Convention Paper 8828 (Purchase now)
P5-2 Assessment of Speech Quality in the Digital Audio Broadcasting (DAB+) System—Stefan Brachmanski, Wroclaw University of Technology - Wroclaw, Poland; Maurycy Kin, Wroclaw University of Technology - Wroclaw, Poland
The methods for assessment of speech quality fall into two classes: subjective and objective methods. This paper includes an overview of selected methods of subjective listening measurements (ACR, DCR) recommended by ITU-T. The influence of a bit-rate value on the sound quality was a subject of research presented in this paper. The influence of the Spectral Band Replication (SBR) process on the speech quality was also investigated. The tested samples were taken from the Digital Audio Broadcasting experimental emission in Poland as well as from an internet network. The subjective assessment for DAB speech signals has been performed with the use of both: ACR and DCR methods. It turned out that SBR process influences significantly the speech quality at the lower bit-rates making it as good as for higher bit-rates. It was also found that for higher bit-rate values (96 kbit/s, or higher), the use of both methods causes the different results.
Convention Paper 8829 (Purchase now)
P5-3 Investigation on Objective Quality Evaluation for Heavily Distorted Speech—Mitsunori Mizumachi, Kyushu Institute of Technology - Kitakyushu, Fukuoka, Japan
Demand for evaluating speech quality is on the increase. It is advisable for evaluating the speech quality to employ the common objective measure for the wide variety of adverse speech signals. Unfortunately, current speech quality measures do not suit for heavily distorted speech signals. In this paper both the applicability and the limit of the perceptual evaluation of speech quality (PESQ) are investigated compared with the subjective mean opinion score (MOS) for noise-added and noise-reduced speech signals. It is found that the PEAQs are compatible with the MOSs for the noise-reduced speech signals in the non-stationary noise conditions.
Convention Paper 8830 (Purchase now)
P5-4 Novel 5.1 Downmix Algorithm with Improved Dialogue Intelligibility—Kuba Lopatka, Gdansk University of Technology - Gdansk, Poland; Bartosz Kunka, Gdansk University of Technology - Gdansk, Poland; Andrzej Czyzewski, Gdansk University of Technology - Gdansk, Poland
A new algorithm for 5.1 to stereo downmix is introduced that addresses the problem of dialogue intelligibility. The algorithm utilizes proposed signal processing algorithms to enhance the intelligibility of movie dialogue, especially in difficult listening conditions or in compromised speaker setup. To account for the latter, a playback configuration utilizing a portable device, i.e., an ultrabook, is examined. The experiments are presented that confirm the efficiency of the introduced method. Both objective measurements and subjective listening tests were conducted. The new downmix algorithm is compared to the output of a standard downmix matrix method. The results of subjective tests prove that an improved dialogue intelligibility is achieved.

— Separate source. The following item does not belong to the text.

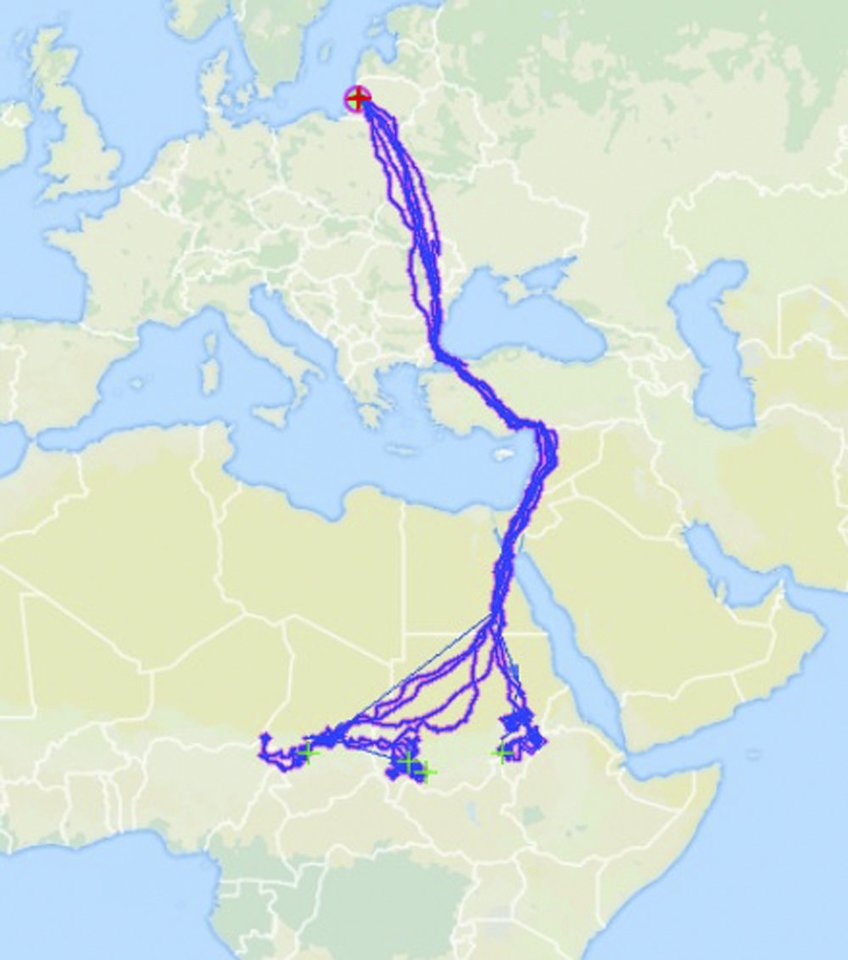 Vienas iš sužymėtų gandrų, spėjama, tapo afrikiečių grobiu

Convention Paper 8831 (Purchase now)
P5-5 Monaural Speech Source Separation by Estimating the Power Spectrum Using Multi-Frequency Harmonic Product Spectrum—David Ayllon, University of Alcala - Alcalá de Henares, Spain; Roberto Gil-Pita, University of Alcalá - Alcalá de Henares, Spain; Manuel Rosa-Zurera, University of Alcala - Alcalá de Henares, Spain
This paper proposes an algorithm to perform monaural speech source separation by means of time-frequency masking. The algorithm is based on the estimation of the power spectrum of the original speech signals as a combination of a carrier signal multiplied by an envelope. A Multi-Frequency Harmonic Product Spectrum (MF-HPS) algorithm is used to estimate the fundamental frequency of the signals in the mixture. These frequencies are used to estimate both the carrier and the envelope from the mixture. Binary masks are generated comparing the estimated spectra of the signals. Results show an important improvement in the separation in comparison to the original algorithm that only uses the information from the HPS.

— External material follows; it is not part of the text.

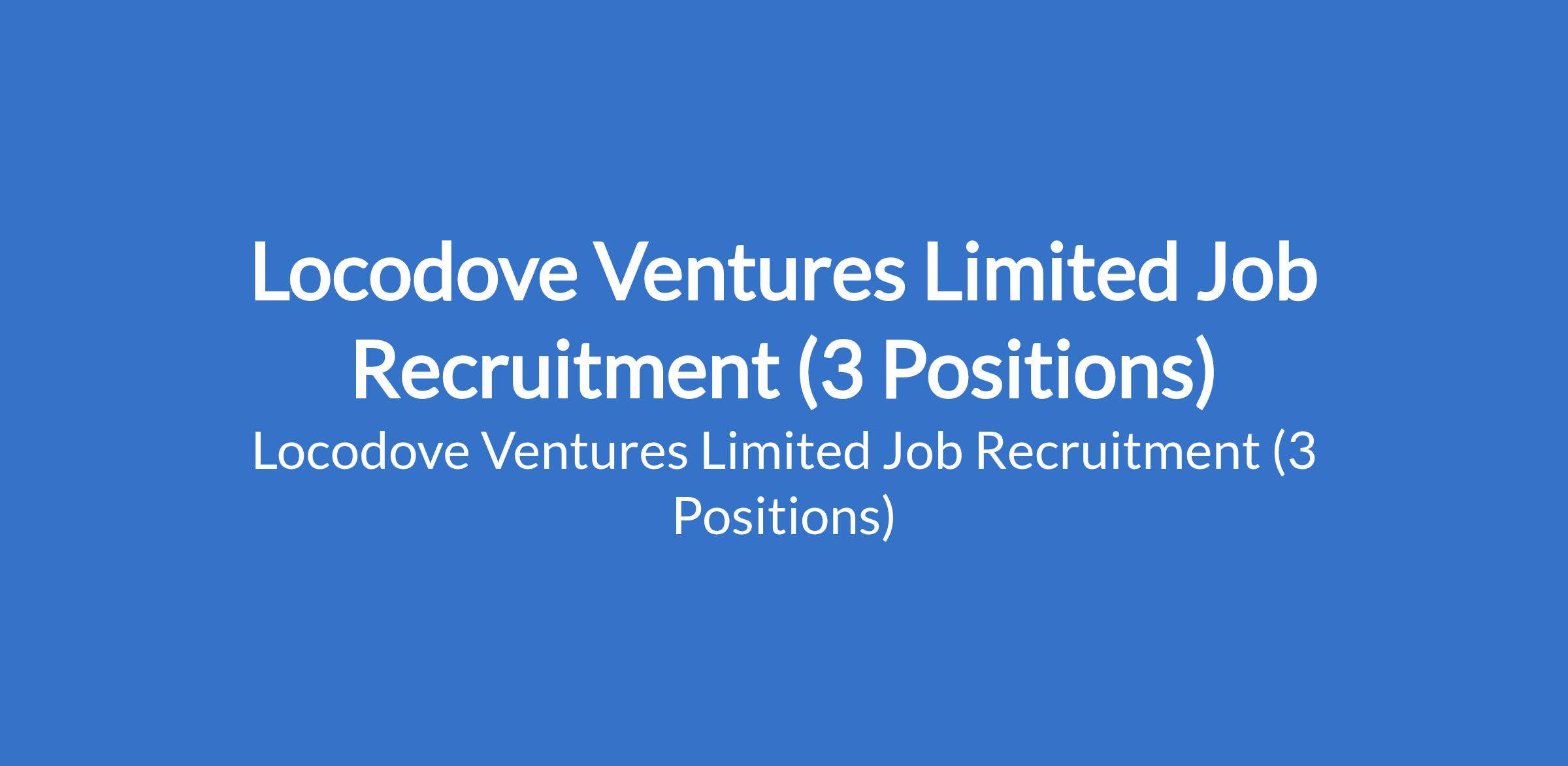 Locodove Ventures Limited Job Recruitment (3 Positions)

Convention Paper 8832 (Purchase now)
P5-6 The Effectiveness of Speech Transmission Index (STI) in Accounting for the Effects of Multiple Arrivals—Timothy J. Ryan, Webster University - St. Louis, MO, USA; Richard King, McGill University - Montreal, Quebec, Canada; The Centre for Interdisciplinary Research in Music Media and Technology - Montreal, Quebec, Canada; Jonas Braasch, Rensselaer Polytechnic Institute - Troy, NY, USA; William L. Martens, University of Sydney - Sydney, NSW, Australia
The authors conducted concurrent experiments employing subjective evaluation methods to examine the effects of the manipulation of several sound system design and optimization parameters on the intelligibility of reinforced speech. During the course of these experiments, objective testing methods were also employed to measure the Speech Transmission Index (STI) associated with each of the variable treatments used. Included in this paper is a comparison of the results of these two testing methods. The results indicate that, while STI is capable of detecting many effects of multiple arrivals, it appears to overestimate the degradation to intelligibility caused by multiple arrivals with short delay times.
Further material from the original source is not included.